WHAT IS NEEDED: Could you give the data below again exactly, apart from the pictures?

SOURCE DATA:
=-=-=

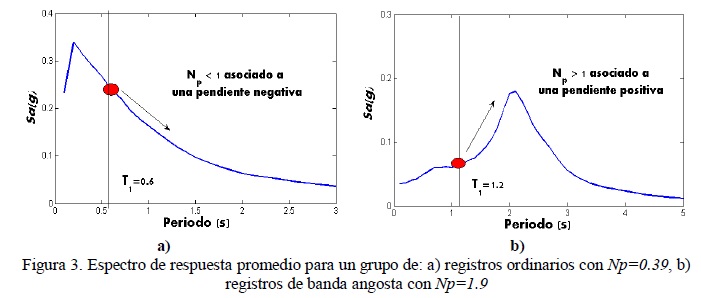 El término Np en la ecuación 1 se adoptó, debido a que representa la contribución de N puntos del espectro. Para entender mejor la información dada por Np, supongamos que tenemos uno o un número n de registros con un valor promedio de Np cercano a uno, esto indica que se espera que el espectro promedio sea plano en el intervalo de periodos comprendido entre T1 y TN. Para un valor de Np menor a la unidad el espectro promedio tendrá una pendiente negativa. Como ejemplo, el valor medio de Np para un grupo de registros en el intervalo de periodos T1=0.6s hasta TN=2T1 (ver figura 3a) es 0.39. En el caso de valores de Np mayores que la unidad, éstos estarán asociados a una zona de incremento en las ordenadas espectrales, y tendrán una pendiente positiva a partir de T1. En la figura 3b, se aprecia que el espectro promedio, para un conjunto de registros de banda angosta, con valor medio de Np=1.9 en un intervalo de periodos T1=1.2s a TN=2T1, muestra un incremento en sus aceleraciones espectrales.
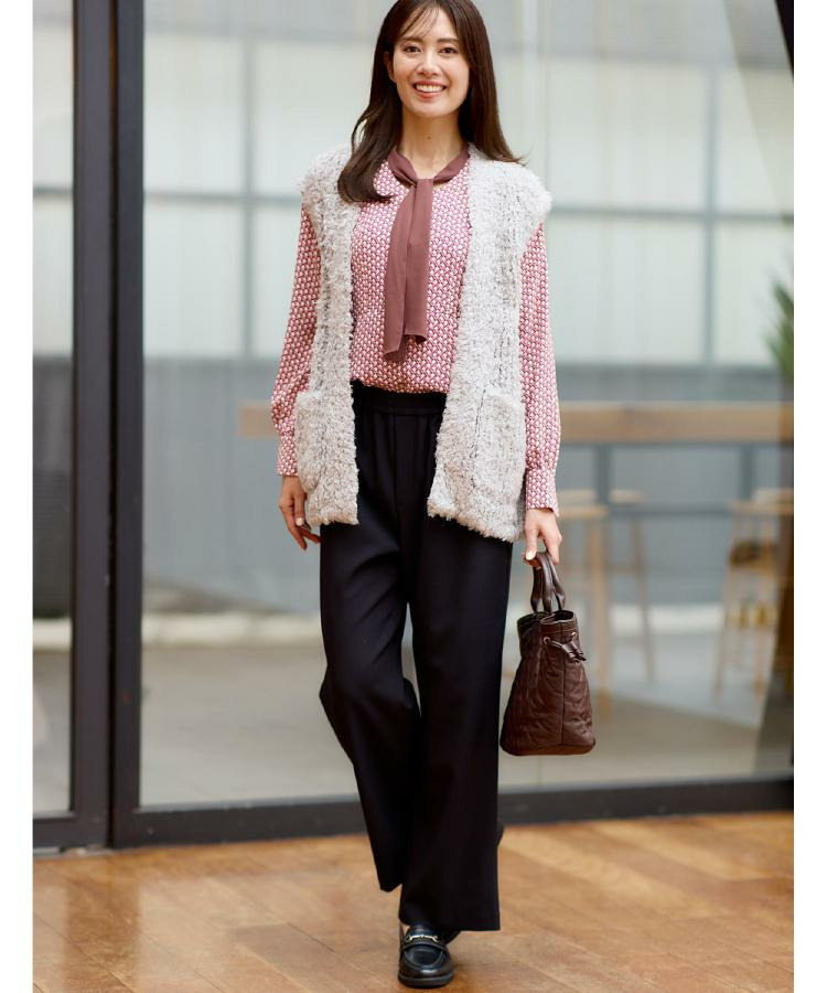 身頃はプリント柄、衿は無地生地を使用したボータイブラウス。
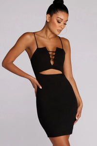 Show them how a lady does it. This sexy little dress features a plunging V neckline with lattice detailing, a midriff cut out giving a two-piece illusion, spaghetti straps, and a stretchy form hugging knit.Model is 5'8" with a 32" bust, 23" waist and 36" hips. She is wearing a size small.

=-=-=

ANSWER SECTION:
 El término Np en la ecuación 1 se adoptó, debido a que representa la contribución de N puntos del espectro. Para entender mejor la información dada por Np, supongamos que tenemos uno o un número n de registros con un valor promedio de Np cercano a uno, esto indica que se espera que el espectro promedio sea plano en el intervalo de periodos comprendido entre T1 y TN. Para un valor de Np menor a la unidad el espectro promedio tendrá una pendiente negativa. Como ejemplo, el valor medio de Np para un grupo de registros en el intervalo de periodos T1=0.6s hasta TN=2T1 (ver figura 3a) es 0.39. En el caso de valores de Np mayores que la unidad, éstos estarán asociados a una zona de incremento en las ordenadas espectrales, y tendrán una pendiente positiva a partir de T1. En la figura 3b, se aprecia que el espectro promedio, para un conjunto de registros de banda angosta, con valor medio de Np=1.9 en un intervalo de periodos T1=1.2s a TN=2T1, muestra un incremento en sus aceleraciones espectrales.
 身頃はプリント柄、衿は無地生地を使用したボータイブラウス。
 Show them how a lady does it. This sexy little dress features a plunging V neckline with lattice detailing, a midriff cut out giving a two-piece illusion, spaghetti straps, and a stretchy form hugging knit.Model is 5'8" with a 32" bust, 23" waist and 36" hips. She is wearing a size small.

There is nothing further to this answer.